= Beginning of Section =

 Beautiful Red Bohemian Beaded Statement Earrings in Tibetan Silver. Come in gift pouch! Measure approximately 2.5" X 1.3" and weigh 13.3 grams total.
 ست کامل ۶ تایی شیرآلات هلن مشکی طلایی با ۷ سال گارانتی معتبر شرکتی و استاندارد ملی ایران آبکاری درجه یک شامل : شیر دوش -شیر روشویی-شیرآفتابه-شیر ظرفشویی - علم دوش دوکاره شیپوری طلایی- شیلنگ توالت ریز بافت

= End of Section =
= Beginning of Section =

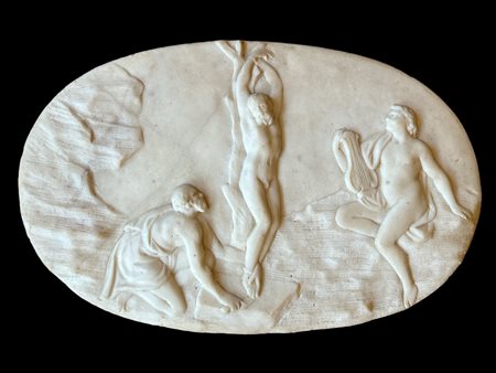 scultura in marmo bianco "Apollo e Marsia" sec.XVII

= End of Section =

■ Exercise objective
Retype exactly the lines of the data above that fall between the line with "Beautiful Red Bohemian" and the line with "ست کامل ۶ تایی", inclusive, and add nothing.

■ Solution to this exercise
 Beautiful Red Bohemian Beaded Statement Earrings in Tibetan Silver. Come in gift pouch! Measure approximately 2.5" X 1.3" and weigh 13.3 grams total.
 ست کامل ۶ تایی شیرآلات هلن مشکی طلایی با ۷ سال گارانتی معتبر شرکتی و استاندارد ملی ایران آبکاری درجه یک شامل : شیر دوش -شیر روشویی-شیرآفتابه-شیر ظرفشویی - علم دوش دوکاره شیپوری طلایی- شیلنگ توالت ریز بافت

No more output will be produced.